Cornwall concludes flexible energy trial

The UK’s largest trial of energy flexibility in Cornwall has concluded with 200 homes and businesses involved.

The trial, which was undertaken by Centrica, saw households and commercial premise trading stored renewable energy.

Electric vehicles, smart hot water tanks and battery storage are key to unlocking the Government’s wind power ambitions, by enabling home and business owners to trade electricity providing balance to the electricity grid, according to the final report by Centrica. 

Over three years, the £16.7 million Cornwall Local Energy Market saw 310MWh of power traded successfully, with greenhouse gas savings of nearly 10,000 tonnes a year as a result.  In simple terms, flexibility allowed the businesses and homes to increase, decrease or shift the times that they use or produce power in response to the needs of the grid.

Centrica has calculated that in order to accommodate the Government’s plans to power every home with offshore wind, as much as 25TWh of electricity will need to be traded flexibly every year – almost double the annual electricity demand of Wales.  

As part of the trial, five megawatts of low carbon technology was installed across more than 100 businesses and a further 100 homes received a combination of solar panels and wall mounted battery storage. The stored capacity of the home battery systems was combined to form a Virtual Power Plant and, when aggregated, was able to trade with the grid operators, completely autonomously. Some businesses saved as much as 35% on energy costs by operating at times more aligned with grid needs.

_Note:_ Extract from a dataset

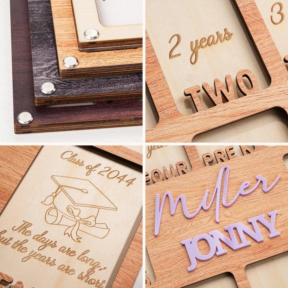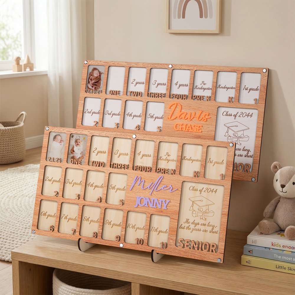 Inspiriert von der Bildungsreise eines Kindes, deckt dieser Rahmen jede Phase ab - von der Vorschule bis zum Schulabschluss. Er kann mit einem Namen versehen werden und ist in verschiedenen Farben erhältlich. Außerdem können Sie Geburtsdaten und Abschlussjahre markieren und so jeden wertvollen Meilenstein auf dem Weg dorthin festhalten.

For the first time anywhere in the world, the local Distribution System Operator (DNS), Western Power Distribution, and the Transmission System Operator National Grid ES) both procured flexibility simultaneously via Centrica’s auction-based marketplace.

Speaking about the trial, Jorge Pikunic, managing director of Centrica Business Solutions, said: “Flexibility offers an alternative, more cost-effective way of tackling (energy) constraints and gives consumers a real stake in managing the energy system. At a national level, the system is managed using flexible demand, battery storage and flexible generation, however, it is becoming increasingly important to manage network constraints at a local level too.

“The trial in Cornwall has proved that homes and small businesses can play a role, alongside larger industry, in market-based procurement of flexibility – a genuinely new tool in our low-carbon energy system toolbox.”

“We showed that solutions like the Cornwall LEM can pave the way for a smarter grid that is better able to accommodate renewable energy; save money and reduce carbon for consumers; and create new economic opportunities for both homeowners and businesses. With the right policy actions by the Government, we believe that the UK can lead the world in creating solutions to integrate greater levels of renewables onto our energy systems.”

The trial was delivered in partnership with the local distribution network operator Western Power Distribution, alongside National Grid ESO, Exeter University and Imperial College London, with additional support from the Belgian-based advanced energy analytics consultancy N-Side. It was funded by Centrica and the Centrica Energy for Tomorrow Fund, as well as a £11.6 million grant from the European Regional Development Fund.

Energy Minister Kwasi Kwarteng, said: “With even more renewable electricity on the way, projects like this will be crucial as we work towards net zero emissions by 2050.”

Emma Pinchbeck – Chief Executive of Energy UK: “Flexibility will be essential for our future energy system and will help us achieve our net zero ambitions and maintain security of supply. This innovative project demonstrates how our homes and businesses can help balance the peaks and troughs in demand at a local level and provide them with significant cost benefits in the process. The electrification of heating and transport will greatly increase demand at peak times and flexibility will be absolutely vital to cope with this. The insights from projects like this alongside the right policy framework from government will help us to deliver flexibility at the large scale needed.”

Dr Nina Skorupska CBE, Chief Executive of the Association for Renewable Energy and Clean Technology (REA), said: “Flexibility is a critical part of the net zero transition, and a prerequisite for the continued growth of renewable energy. Centrica’s Cornwall Local Energy Market has clearly demonstrated that distributed, decentralised assets can help businesses, households and the networks to play their part in delivering that transition. The government must now seize the opportunity through ensuring that key market policies allow innovative storage and flexibility projects to flourish.”

Colm Murphy, Electricity Market Change Development Manager at National Grid ESO, said: “While current levels of residential flexibility are low, as local market initiatives like the Cornwall LEM are introduced and consumers are increasingly incentivised to be flexible, we anticipate seeing a transformation in the way our nation consumes power. This will help us deliver clean, secure and affordable electricity – softening peaks in demand and filling in the troughs – and will take us another step closer to our 2025 ambition to operate a zero carbon grid.”

Jennifer Woodruff, Innovation and Low Carbon Networks Engineer from Western Power Distribution, said: “This project has provided useful learning about different options for how we could purchase flexibility services, especially how we could build in processes to manage conflicts and avoid breaching network limits.”